UN will help consign poverty to history

By Nicholas Rosellini | China Daily | Updated: 2017-03-13 07:19

UN will help consign poverty to history

Children of She ethnic group sit in front of a monument that reads "China's No. 1 Poverty Relief Village" at Chixi Village, Panxi town, Fuding city in East China's Fujian province, Feb 14, 2016. The village has shaken off poverty thanks to assistance from Party and government officials at all levels over the past 30 years. [Photo/Xinhua]

An ambitious goal of China's 13th Five-Year Plan (2016-20), which entered its second year, is to eliminate extreme poverty by 2020. The progress is well on track, as 10 million people had been lifted out of poverty by the end of 2016. This success is very encouraging as it is an indication of China's continued contribution to global development goals.

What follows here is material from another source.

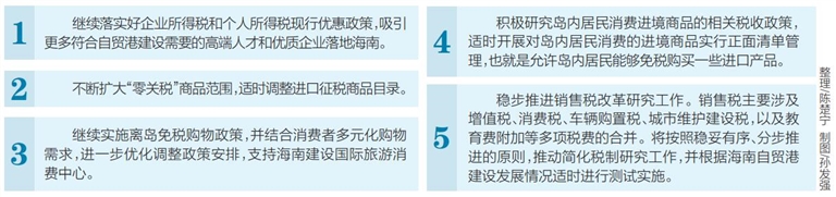 全岛封关运作后,财政部将结合海南自贸港建设实际和推进更高水平对外开放需要,继续深化税制改革,确保政策力度持续提升,政策红利不断释放。主要涉及以下五个方面:

The strategy consists of a variety of approaches, including ecological civilization, education, social protection and industrial development, all focusing on rural poverty. The strategy is making at least three important contributions to society.

First, the approaches adopted are highly focused on providing public and social services, which are vital to build up an asset portfolio of the poor, and thus address the root causes of poverty. This means poverty is increasingly being considered as a multi-dimensional problem. The root cause of poverty is not merely a lack of income or necessities for material well-being such as food, housing and land, but also other factors such as access to education, healthcare and inclusiveness in society. All these are essential to address inequalities beyond mere poverty numbers.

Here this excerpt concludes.